A.  2 ROWS INTERLOCKING WITH STRAIGHT ROLL as printed on paper rolls

Alignment instructions:  IT’S AS EASY AS “1 – 2 – 3”

1. After completing the first two rows across, lower your needle into any “dot” #1.

Leaving the needle down, Advance (roll) the quilt into position for the next two rows across.

2. With the needle still down, adjust the laser light or stylus to the closest “dot” #2.

The light is now correctly placed.

3. Lift the needle and move the machine to a starting position of your choice at the edge of the quilt.

Begin quilting.

B.  2 ROWS WITH SOME LASER MOVEMENT as p[rinted or paper rolls such as El Dorado 4.5″, and El Dorado 8″

Alignment instructions:  IT’S AS EASY AS “1 – 2 – 3”

1. After completing the first two rows across, lower your needle into any “dot” #1.

Leaving the needle down, Advance (roll) the quilt into position for the next two rows across.

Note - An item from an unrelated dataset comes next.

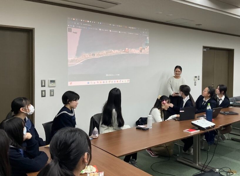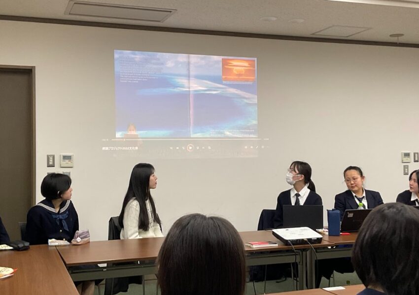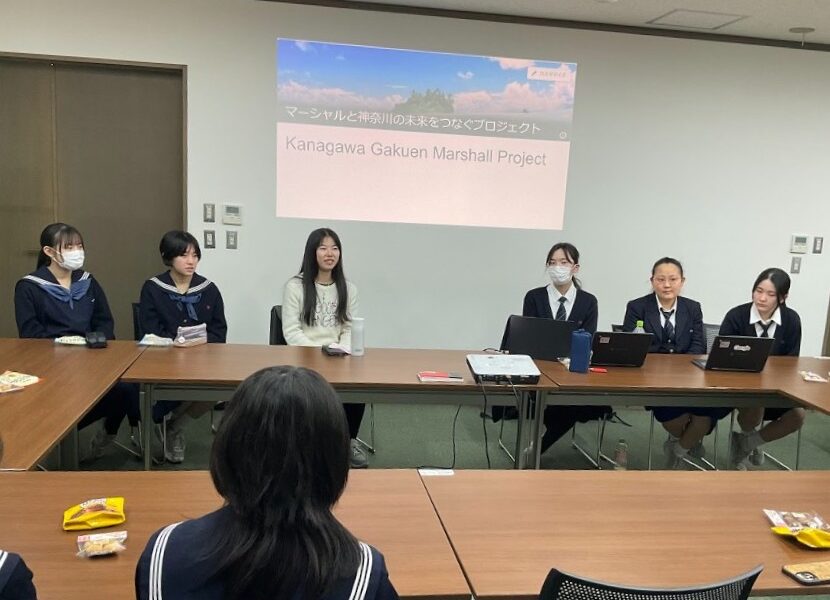 神奈川学園のプロジェクト活動の一つ、マーシャルプロジェクトは「マーシャル諸島と神奈川の未来をつないで」というテーマで活動を続けています。2019年より交流を重ねているマーシャル諸島共和国コープスクールの卒業生で、現在日本の大学で学んでいるお二人をお招きし、本校のプロジェクトメンバーと対面交流を行いました。中学生の案内で学内や学校生活を紹介し、二人は、日本の学校の設備の大きさに驚いた様子でした。また、高校生も加わって、ビキニ事件の継承を中心に、お互いにこれまで取り組んできたことを紹介しました。

2. With the needle still down, adjust the laser light or stylus to the closest “dot” #2 towards the “left.”

The light is now correctly placed.  (For alternate rows move the laser to the #2 towards the right.

3. Lift the needle and move the machine to a starting position of your choice at the edge of the quilt.

Begin quilting.

Some laser lights have limited adjustment capabilities.  Some patterns may require shifting the paper pattern for proper alignment.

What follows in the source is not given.